Cormenin fait là allusion à la pratique courante sous l’Empire de régler par décret des matières qui, en raison de
leur nature, auraient dû faire l’objet de lois. Rédaction et présentation des projets de lois devant le corps législatif
Le rôle législatif du Conseil est défini par l’article 52 de la Constitution de l’an VIII. Les conseillers d’État
préparent les lois importantes mais aussi les règlements proposés par Bonaparte. Une importante minorité au
Tribunat, se défiant de Bonaparte à partir de l’an IX, n’hésitera pas à parler des " projets de lois du Conseil
d’État. "Sous le Consulat et l’Empire, le gouvernement a l’initiative exclusive de la loi, que ni le Tribunat, ni le
Corps législatif ne peut amender. Le Conseil d’État est non seulement chargé de l’aspect technique de la
rédaction des projets de lois, mais est aussi consulté sur leur contenu politique et social. L’activité législative du
Conseil ne comprend pas seulement la préparation des cinq codes et des grandes lois sur l’organisation
administrative, financière ou judiciaire, mais concerne aussi l’élaboration de certains sénatus-consultes, de
nombreuses lois d’intérêt local, de règlements, de décrets, d’arrêtés, etc. La seule matière que le Conseil d’État
n’eut pas à connaître fut celle des traités. Dans le domaine législatif, certains conseillers (3 au maximum) choisis
par le gouvernement sont chargés d’une tâche complémentaire : présenter puis soutenir devant le Corps législatif
chaque projet de loi du gouvernement (art. 53 de la Constitution). Le Tribunat, saisi, en discute, et émet un vœu
favorable ou non. Quelques jours après, les législateurs, sans discussion, entendent conseillers d’État et tribuns
puis votent l’adoption ou le rejet du projet proposé. Les positions souvent contraires entre conseillers et tribuns
lors de ces présentations nourrissent entre eux un certain antagonisme.
Rédaction des Codes
Le rôle législatif le plus visible du Conseil d’État sous le Consulat et l’Empire fut sans doute la préparation, en
un temps remarquablement court, des cinq grands codes napoléoniens : Code civil (1804), Code pénal (1810),
Code de procédure civile (1806), Code d’instruction criminelle (1808), Code de commerce (1807). Le
mouvement de codification de l’époque impériale avait pour ambition d’intégrer dans un ensemble unitaire un
corpus de règles anciennes et un apport de règles inédites exprimant les principes d’organisation d’une société
nouvelle. Cette entreprise juridique de grande ampleur était rendue possible par la conjonction de circonstances
exceptionnelles : la rupture sociale provoquée par la Révolution, la forte volonté politique de Napoléon et une
hauteur de vue suffisante pour susciter l’accord général. Le Code Civil fut la réalisation la plus remarquable de
l’entreprise de codification du Premier Empire : déjà étudié par Cambacérès pendant la Convention, le projet fut
relancé par Bonaparte le 24 thermidor an VIII (12 août 1800). Il établissait une commission de quatre membres
composée de deux conseillers d’État (Portalis et Bigot de Préameneu) et de deux juristes (Tronchet et Maleville)
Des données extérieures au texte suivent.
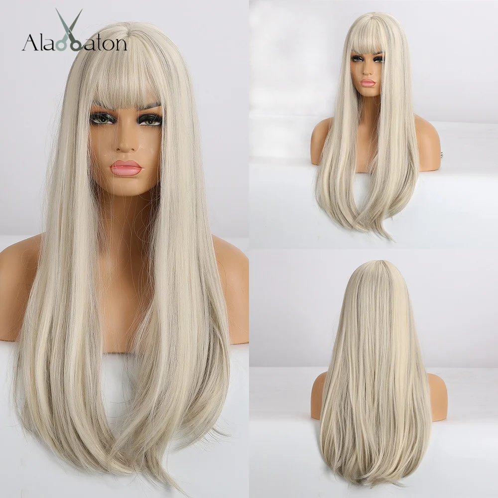 Парики ALAN EATON светлые с челкой, термостойкие синтетические, с т...
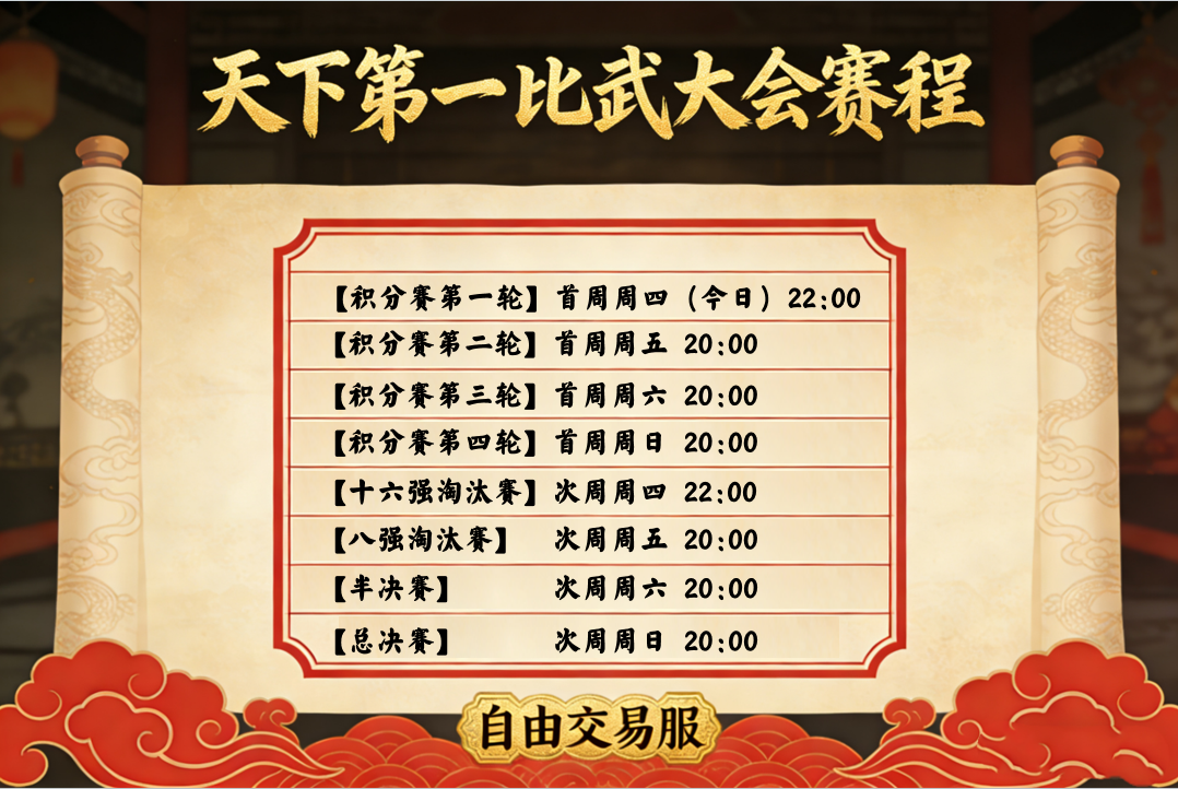 大话手游天下第一比武大会,自2016年首届赛事落幕,万千少侠翘首以盼的天下第一比武大会,2025年重磅回归自由交易服! 经过四台交易服的激烈角逐,目前比武大会参赛资格已定!首轮积分赛将于今晚22点正式开赛,顶尖战队集结,热血对决一触即发!谁能问鼎三界,拿走10万现金大奖?各位敬请期待! 参赛资格:经新星赛淬炼,直通比武大会 天下第一比武大会所有参赛队伍已经产生,共计80个队伍对天下第一的宝座发起冲击,其中开服最早的4个服务器破晓新星赛前16强队伍直接获得参赛资格,剩余的16个参赛名额将由这4个服务器破晓新星赛17到32的队伍中综合实力评分最高的16个队伍获得。 注:参赛资格按最终排名时的队伍成员发放,队员不可更换,请少侠提前确认阵容~ 豪华奖励:现金大奖+限定荣耀 本次赛事福利拉满,不仅有彰显身份的虚拟奖励,更有丰厚现金奖金直达口袋,冠军荣耀与实在福利双丰收!、 现金大奖:冠军队伍独揽10万元,亚军5万元,季军2万元,八强队伍均可得2000元现金奖励; 限定荣耀:解锁专属限定靓号、霸气永久称谓,还有强力仙器等珍稀道具,江湖地位一眼彰显! 赛程安排:两周激战,见证王者诞生 从积分赛到总决赛,两周赛程层层递进,每一场都是实力的较量,每一轮都暗藏逆袭可能,收好这份赛程表,不错过任何精彩对决: 十年磨一剑,今朝试锋芒!无论是历经沙场的老牌劲旅,还是崭露头角的新锐战队,都将在这个舞台上全力以赴。 今日22点,天下第一比武大会首轮战火燃起。愿各位少侠不负韶华,不负十年等待,在赛事舞台上挥洒热血,铸就属于自己的江湖传奇! [编辑:ssc]

chargés de rédiger une proposition de Code. Cet avant-projet fut rendu en quatre mois puis soumis à l’examen du
tribunal de Cassation et des tribunaux d’appel. Conformément à la Constitution, l’avant-projet et les propositions
des tribunaux furent soumis au Conseil d’État, d’abord à la section de Législation puis en assemblée générale
dont Napoléon présida en personne 57 séances sur les 102 nécessaires à l’achèvement du travail. Le "Code Civil
des Français" fut publié le 21 mars 1804.La rédaction des autres codes a également été préparée par la section de
législation du Conseil d’État : l’Empereur participa peu aux discussions.